Chinese producer prices rose at their swiftest pace in more than five years last month, the Chinese government said yesterday, a sign the world’s factory could begin exporting inflation to the global economy.
The producer price index (PPI) rose 5.5 percent year-on-year last month, the Chinese National Bureau of Statistics said, far more than economists’ expectations of 4.6 percent in a Bloomberg News survey.
It marked the fourth straight month of price rises for goods at the factory gate after years of declines and an acceleration from the previous month’s 3.3 percent, raising expectations China’s factories could put upward pressure on global prices through the supply chain.
Rising prices for industrial commodities helped support the forecast-beating PPI figures, the bureau said, as world producers cut supply.

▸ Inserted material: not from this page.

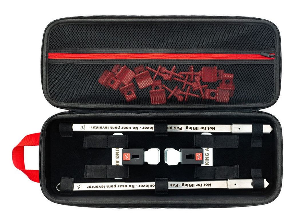 Viking Arm tralltillbehör set är den perfekta lösningen för alla dina trall- och golvprojekt. Förpackad i en praktisk nylonväska med hårt skal, inkluderar detta set allt du behöver för att snabbt och med hög kraft både spänna ihop och trycka isär trall, plank och golv. Setet innehåller 2 st spännbackar, 2 st 35 cm förlängare och 15 st distanser, och ger en total spännvidd på 71 cm per Viking Arm med möjlighet att förlänga ytterligare efter behov.

The consumer price index (CPI), a key gauge of retail inflation, rose 2.1 percent year-on-year last month, slightly below expectations.
The figures were affected by warmer temperatures across China, which led to weaker-than-average price increases for fresh fruit and vegetables, the bureau said in a statement.
China is the world’s biggest trader in goods and its performance affects its trading partners from Australia to Zambia, many of which have been mired in tepid inflation for years, which has in turn caused a drag on the global economy.
Chinese firms have been battered by falling prices for their goods in the face of chronic overcapacity and weak demand, putting a damper on growth in the nation.
Protracted falls in factory-gate prices are a bad sign for industrial prospects and economic growth because they put off customers — who seek to delay purchases in anticipation of cheaper deals — starving companies of business and funds.
The ongoing rebound in producer prices could help boost China’s nominal GDP growth this year, Nomura said in a note, though real growth “still faces plenty of headwinds.”